June Friday-MacInnis Biography

By NLL Elder Dave “Buckeye” Garberson from interviews with June Friday-MacInnis
Additional by NLL Elder Greg “Gray Horse” Measor

We would like to introduce you to another very important person in the legacy of Native Sons & Daughters Programs.  June Friday-MacInnis. Until 2017, June was the oldest living niece of the great Joe Friday, Ojibway Indian whose inspiration gave the program a Native American theme about 90 years ago. Joe Friday was her uncle as her father Willie, was one of Joes brothers. Sadly, National Longhouse learned that June passed away in August 2017 at the age of 86. She was very important in the legacy of Native Sons & Daughters Programs and was very proud of her family’s part in the NSD legacy.

Family Photo of June Friday-MacInnis
Family Photo

June was born at Fridays Point Lodge, on Lake Temagami, on June 11, 1931.  Fridays Point was a tourist fishing lodge operated by the Friday family, near the northeast arm perimeter of Lake Temagami, Temagami, Ontario, which for reference is about 5 hours north of Toronto, Ontario Canada. She weighed only 3lb.,8 oz. and needed special care by the tribal birth women (called midwives today) as the doctor thought she would not survive. She and her mother got special treatments at home till September when they both started to get along better and (as they say) the rest is history.

Her Ojibway name was Abamageis, which means Strawberry Month which the month of June is considered. She was a part of the White Bear Clan recalling the old story of Chief White Bear taking into his family those women and children when their father died. White Bear did this many times for other families over the years as do the Ojibway traditionally even now.

Her education until age 9 came from her family, primarily her brothers and sisters who would read to her.
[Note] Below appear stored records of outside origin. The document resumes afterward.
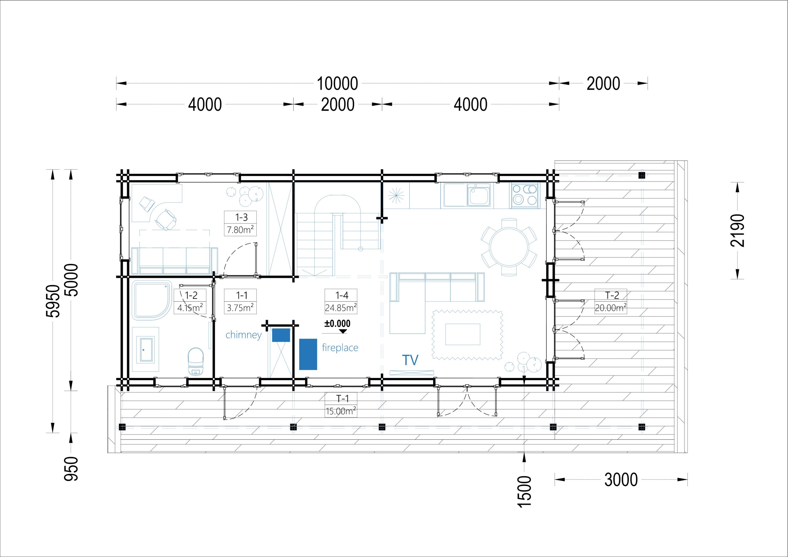 Blockbohlenhaus FLORENZ (66mm), 100m² + 20m² Terrasse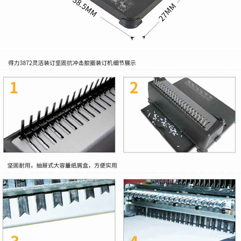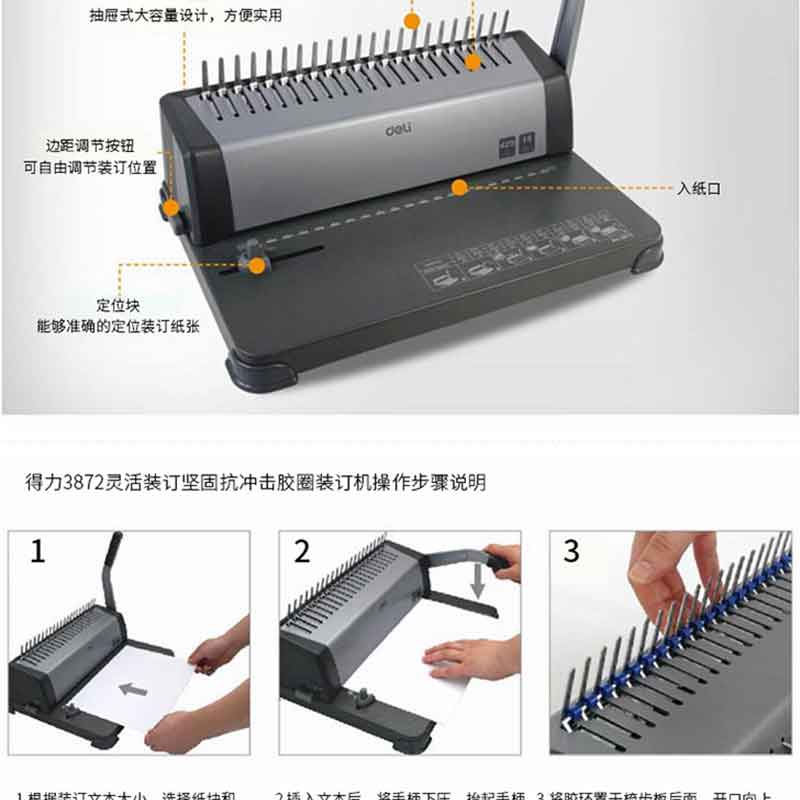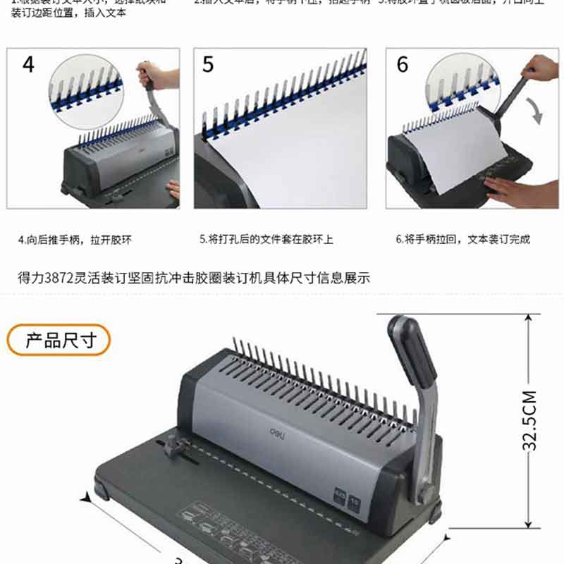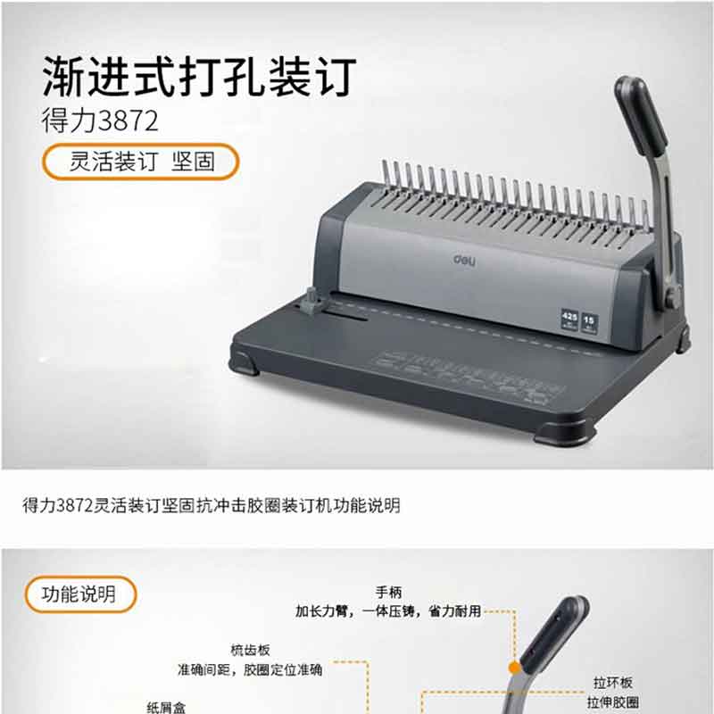 得力(deli) 3872 省力型21孔文件裝訂機(jī)打孔機(jī) 膠圈/夾條裝訂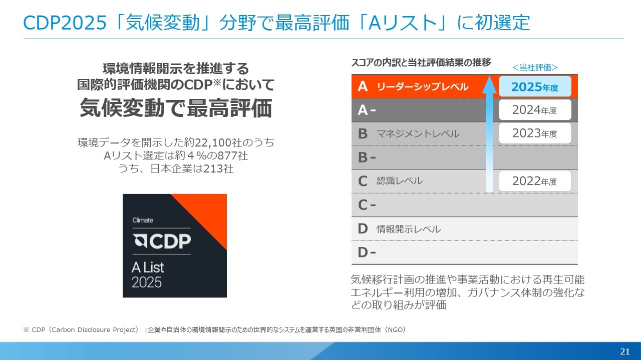 CDP(Carbon Disclosure Project)という国際的な評価機関において、約2万2,100社が環境データを開示している中で、上位4パーセントに入る「Aリスト」に「気候変動」分野で選定されました。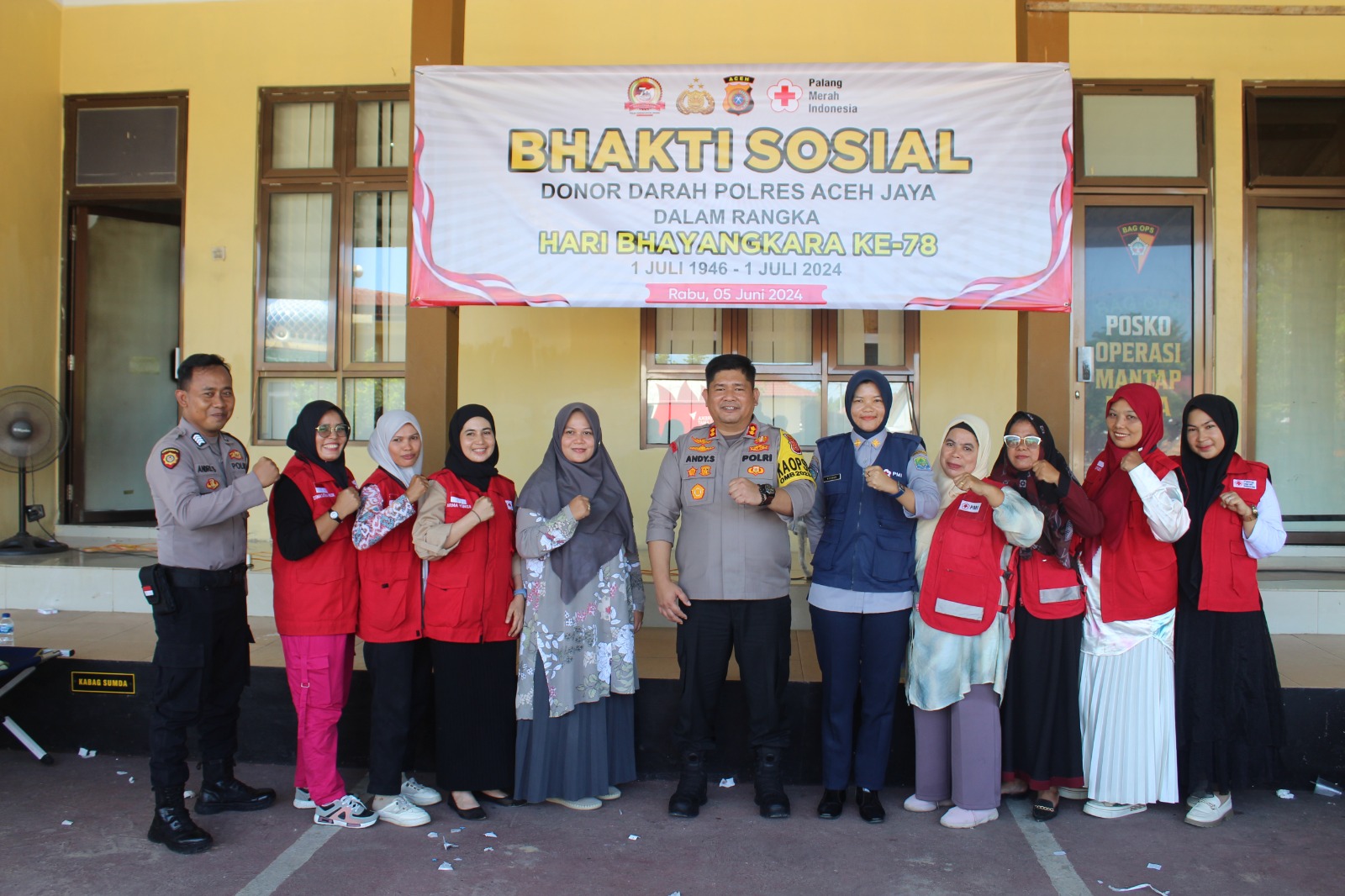 Polres Aceh Jaya Sumbangkan 109 Kantong Darah pada Acara Bhakti Sosial Sambut Hari Bhayangkara ke-78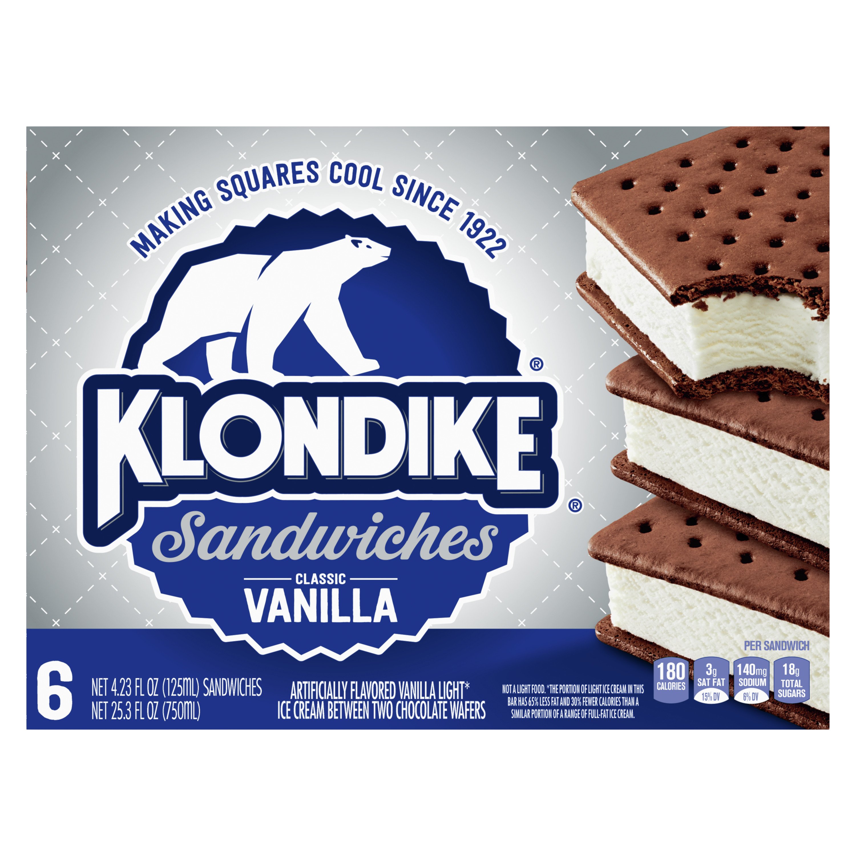 The Original Ice Cream Bar | Klondike® Nutrition Facts Serving size based on 6 ct multipack: 1 bar (85g) Amount per serving Calories: 250 Ingredients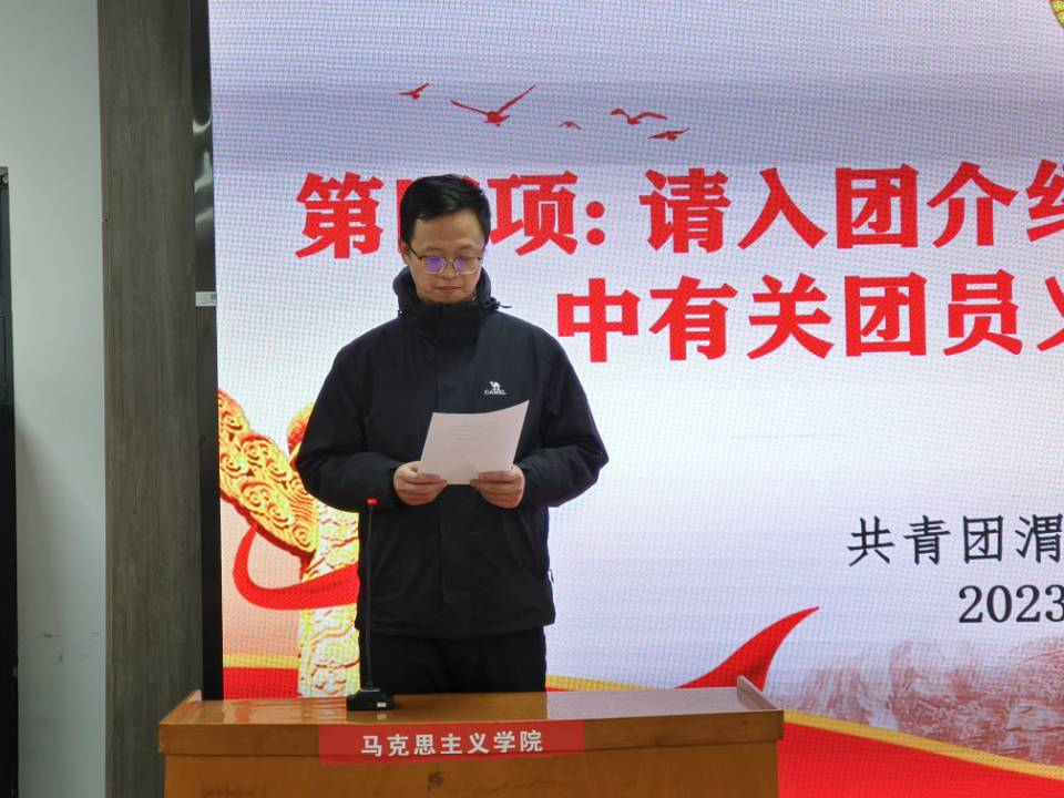 入团介绍人潘涛宣读《中国共产主义共青团章程》中有关团员义务和权利的条款,再次明确团员的责任与使命。鼓励团员们积极承担责任,正确行使权利。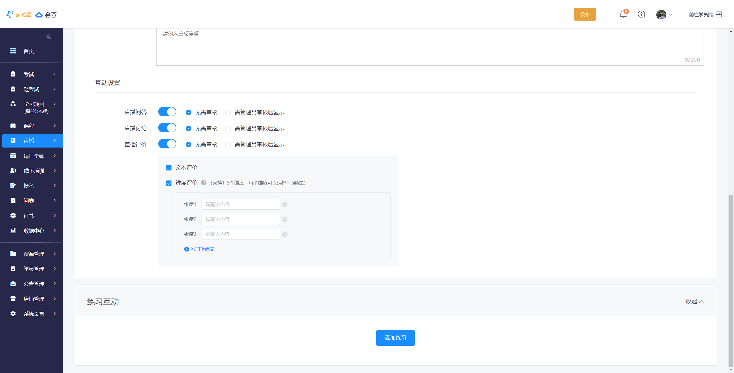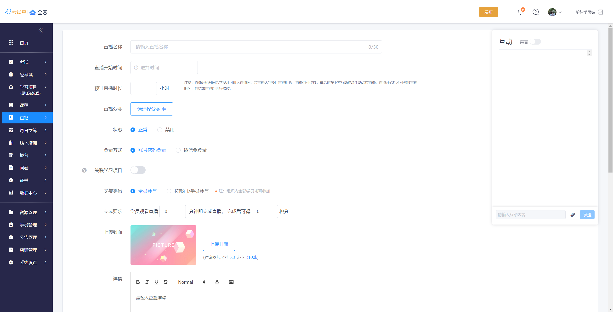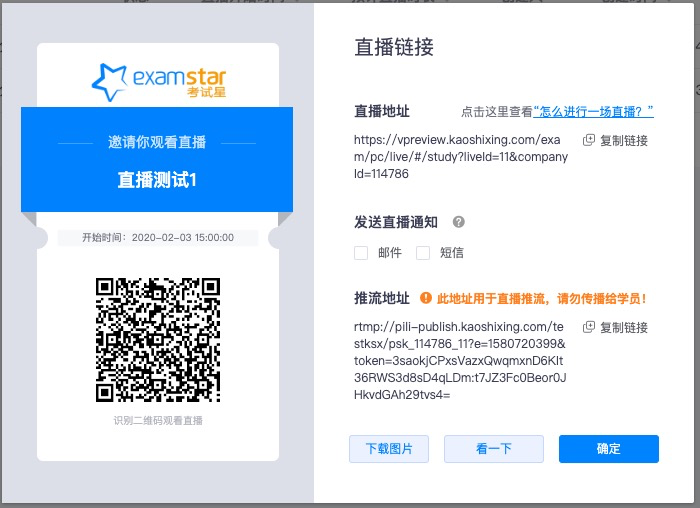 **直播地址**: 给学员使用,学员可通过此链接访问直播间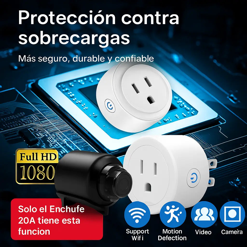 💡Ambos dispositivos trabajan juntos para darte tranquilidad total. La Mini Cámara Espía™te permite ver en tiempo real lo que ocurre en tu hogar, negocio o vehículo, mientras que el Enchufe Inteligente WiFi 20A™te da control remoto sobre tus aparatos eléctricos.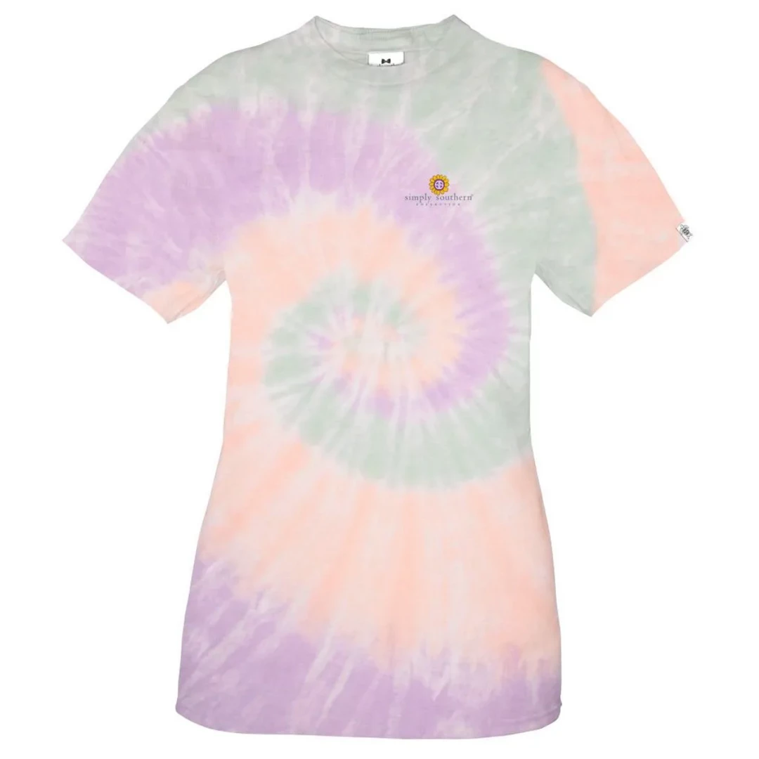 Green; purple; and peach swirl tie dye short sleeve shirt with a blue flower pattern van with flowers in the back; the phrase “Grow through what you go through”; and the Simply Southern logo on the back. The Simply Southern logo with a sunflower with the SS logo on the front chest.

Her ability to read was important when she finally started school in the Christian grade school then completing high school.

She married in 1947 after her then to be husband got back from WWII. June had 3 boys and a daughter (who died in 2005), as well as  6 grandchildren and 6 great grandchildren.

Photo of June Friday-MacInnis receiving the Joe Friday Award
Receiving the Joe Friday Award

For many years she taught the Ojibway language, traditions and history to interested children and young people as those ways and words have gone to pass with younger generations.  She most recently lived in Northbay (an hour below Temagami) for a number of years at a senior center where she had been very active.

In later years, she would read and knit, knitting all kinds of clothes and things that she mostly gave away for gifts to community centers and friends. She also wrote a series of stories about her family and history and in 2016 realized her dream to see those stories in print when Friday Memories – (The Life and Times of June Friday MacInnis) was first published.

Photo of Uncle Joe Friday
Uncle Joe Friday

Additional: In July 2006, several National Longhouse elders and some of their children journeyed to (and lodged on) Bear Island on Lake Temagami and visited the North Bay home of June Friday-MacInnis for several days. We were told that we had been the first people to visit the island from the program since Joe Friday was laid to rest in the spring of 1956. June and her family are extremely proud and honored that National Longhouse would want to carry on the legacy of what Joe Friday had inspired and helped to create so many years earlier. They opened their doors to us as if we were family. During that trip, National Longhouse presented June Friday-MacInnis with the Joe Friday Award, in honor of her and her family’s contributions to the legacy of NSD Programs.